About RAY KOH

RAY KOH is a 7-year old artist and filmmaker based in California. He is a 17X winner of the Creative Quarterly for Fine Art & Design.

Seven years ago, I began my artist career in Big Sur, CA with a drone and a primordial desire to explore creative expression.

Using a drone as my paint brush, eraser and the ocean as his canvas, I began exploring primitive artistic techniques such as learning how to draw lines, understanding form, controlling the medium enough to start becoming expressive beyond its own intrinsic givens. I knew I had to learn how to work with Mother Nature in order to make unlock the key to a productive symbiotic relationship.

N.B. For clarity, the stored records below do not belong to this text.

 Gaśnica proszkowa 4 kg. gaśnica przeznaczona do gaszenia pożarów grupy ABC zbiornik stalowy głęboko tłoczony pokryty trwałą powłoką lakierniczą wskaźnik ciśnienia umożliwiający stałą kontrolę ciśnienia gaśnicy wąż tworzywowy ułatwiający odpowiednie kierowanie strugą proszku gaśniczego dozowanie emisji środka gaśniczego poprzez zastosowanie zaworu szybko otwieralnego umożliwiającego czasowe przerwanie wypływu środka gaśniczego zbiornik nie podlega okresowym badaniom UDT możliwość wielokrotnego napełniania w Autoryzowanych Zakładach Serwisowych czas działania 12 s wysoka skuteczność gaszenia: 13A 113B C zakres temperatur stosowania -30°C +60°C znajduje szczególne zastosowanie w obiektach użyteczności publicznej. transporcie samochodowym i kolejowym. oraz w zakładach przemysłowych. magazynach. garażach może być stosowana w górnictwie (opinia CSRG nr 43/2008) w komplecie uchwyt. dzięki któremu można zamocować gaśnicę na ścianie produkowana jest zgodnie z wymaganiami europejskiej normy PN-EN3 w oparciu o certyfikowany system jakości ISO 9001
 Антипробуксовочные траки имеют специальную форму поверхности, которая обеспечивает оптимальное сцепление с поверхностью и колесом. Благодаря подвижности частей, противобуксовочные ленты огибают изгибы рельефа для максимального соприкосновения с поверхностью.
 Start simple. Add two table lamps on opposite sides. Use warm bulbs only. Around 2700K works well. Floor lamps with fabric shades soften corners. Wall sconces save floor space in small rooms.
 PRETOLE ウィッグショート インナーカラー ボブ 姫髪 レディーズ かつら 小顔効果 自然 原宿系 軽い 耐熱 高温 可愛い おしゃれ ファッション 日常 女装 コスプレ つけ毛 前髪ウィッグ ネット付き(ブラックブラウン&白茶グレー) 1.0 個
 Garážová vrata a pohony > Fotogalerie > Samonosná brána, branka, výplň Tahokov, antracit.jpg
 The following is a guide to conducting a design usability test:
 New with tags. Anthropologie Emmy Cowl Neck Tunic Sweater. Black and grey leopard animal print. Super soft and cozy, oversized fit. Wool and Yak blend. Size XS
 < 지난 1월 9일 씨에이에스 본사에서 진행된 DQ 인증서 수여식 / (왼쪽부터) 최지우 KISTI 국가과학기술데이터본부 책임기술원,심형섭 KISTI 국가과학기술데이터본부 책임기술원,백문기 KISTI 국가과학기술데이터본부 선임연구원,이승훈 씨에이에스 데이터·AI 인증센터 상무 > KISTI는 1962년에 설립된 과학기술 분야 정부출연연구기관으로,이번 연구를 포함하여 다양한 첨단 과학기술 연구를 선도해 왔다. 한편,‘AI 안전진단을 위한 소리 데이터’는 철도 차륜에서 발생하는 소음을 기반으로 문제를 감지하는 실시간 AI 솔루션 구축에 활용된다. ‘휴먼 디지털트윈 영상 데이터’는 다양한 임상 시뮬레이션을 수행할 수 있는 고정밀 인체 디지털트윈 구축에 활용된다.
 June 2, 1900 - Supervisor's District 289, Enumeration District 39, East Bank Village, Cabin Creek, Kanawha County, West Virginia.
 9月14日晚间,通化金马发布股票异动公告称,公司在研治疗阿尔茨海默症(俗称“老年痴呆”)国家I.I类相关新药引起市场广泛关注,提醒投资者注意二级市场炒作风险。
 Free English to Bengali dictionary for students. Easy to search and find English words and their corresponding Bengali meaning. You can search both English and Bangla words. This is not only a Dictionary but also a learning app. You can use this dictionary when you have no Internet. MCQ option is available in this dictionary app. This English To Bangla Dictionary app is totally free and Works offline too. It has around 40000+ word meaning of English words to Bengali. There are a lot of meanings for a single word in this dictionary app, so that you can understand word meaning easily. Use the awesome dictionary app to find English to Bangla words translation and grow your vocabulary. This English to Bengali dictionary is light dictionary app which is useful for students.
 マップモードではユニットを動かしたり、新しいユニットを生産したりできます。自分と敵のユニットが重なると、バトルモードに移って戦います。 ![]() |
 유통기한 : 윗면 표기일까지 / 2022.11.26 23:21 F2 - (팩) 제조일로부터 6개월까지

Unlike other drone pilots, I was using the drone as paint brush. My process and methodology became more akin to an archaeologist where the brush became more an eraser that removed unnecessary elements so that only extracted subject-matter remained. Less was more but only because my subject-matter was deeply embedded into the work. This unique methodology created an unusual sense of scale to my work given how large of an area the images covered.

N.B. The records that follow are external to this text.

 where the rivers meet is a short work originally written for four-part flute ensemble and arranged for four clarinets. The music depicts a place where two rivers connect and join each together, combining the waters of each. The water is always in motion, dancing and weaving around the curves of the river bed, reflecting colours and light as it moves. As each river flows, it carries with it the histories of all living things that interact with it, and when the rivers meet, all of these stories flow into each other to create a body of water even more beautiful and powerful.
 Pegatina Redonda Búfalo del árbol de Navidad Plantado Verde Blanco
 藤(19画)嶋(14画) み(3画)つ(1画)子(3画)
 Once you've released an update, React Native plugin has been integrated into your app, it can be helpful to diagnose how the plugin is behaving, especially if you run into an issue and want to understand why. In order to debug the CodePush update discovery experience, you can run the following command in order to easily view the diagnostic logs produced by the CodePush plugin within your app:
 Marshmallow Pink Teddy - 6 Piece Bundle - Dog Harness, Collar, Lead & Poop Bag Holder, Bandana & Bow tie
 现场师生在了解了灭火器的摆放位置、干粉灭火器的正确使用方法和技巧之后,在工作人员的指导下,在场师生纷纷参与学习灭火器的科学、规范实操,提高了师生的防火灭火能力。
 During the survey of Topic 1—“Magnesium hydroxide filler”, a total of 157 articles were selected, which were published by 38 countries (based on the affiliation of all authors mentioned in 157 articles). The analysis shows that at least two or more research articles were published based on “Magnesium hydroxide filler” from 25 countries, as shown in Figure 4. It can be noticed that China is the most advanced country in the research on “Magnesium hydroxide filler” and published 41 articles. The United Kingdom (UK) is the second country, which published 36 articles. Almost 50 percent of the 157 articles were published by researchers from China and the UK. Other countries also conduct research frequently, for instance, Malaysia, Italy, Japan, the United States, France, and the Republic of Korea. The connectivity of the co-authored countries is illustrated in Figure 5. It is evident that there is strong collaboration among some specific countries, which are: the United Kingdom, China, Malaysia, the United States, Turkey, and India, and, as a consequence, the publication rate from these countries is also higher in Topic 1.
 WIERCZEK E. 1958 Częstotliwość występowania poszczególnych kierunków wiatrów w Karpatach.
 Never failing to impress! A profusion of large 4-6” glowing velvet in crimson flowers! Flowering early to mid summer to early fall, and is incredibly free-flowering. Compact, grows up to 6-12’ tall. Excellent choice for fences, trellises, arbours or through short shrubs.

"The Big Sur Suite" is a culmination of my years in Big Sur, CA. The collection of artworks explore large scale earthworks, ocean portraits, notions on the primordial which includes a series of Big Sur "bowls of water" and the largest California Roll in the world. It was here in Big Sur while emotionally being on fire, I learned how to paint with the ocean and not just recreate simulacra from my ego.

From 2020-present, I began to incorporate photography into my practice. Spending a few years in San Francisco, I produced the San Francisco Suite which focused on the brutality of restaurants, Chinatown, and the notions of facades. My work from this series has won numerous awards, been published on multiple occassions, and exhibited throughout North America.

At the same time, I began taking portraits of musicians. The results of meeting greatness in their element then taking it to my own level have produced some fascinating results. My portraits of Wes Eisold of Cold Cave and American Nightmare have won awards and also been published on multiple occasions. I have had the pleasure of shooting Laurie Anderson, Atarashii Gakko, Bjork, David Byrne, Death Valley Girls, Destroy Boys, Danny Elfmen, Perry Ferrell, Phillip Glass, Lavinia Meirer, and Sinead O’Connor.

More than ever, I believe that we must deal with the ramifications of technologies that accelerate our lives into nearly unsustainable velocity and unrealistic realities. With the increasing hyper-saturation of digital content, our own deprogramming into automation, how do we rise above this relentless ebb and flow? How do we create a new American Art that reconciles the loss of the original, relentless digital dissolution and decentralization of ourselves and the world around us?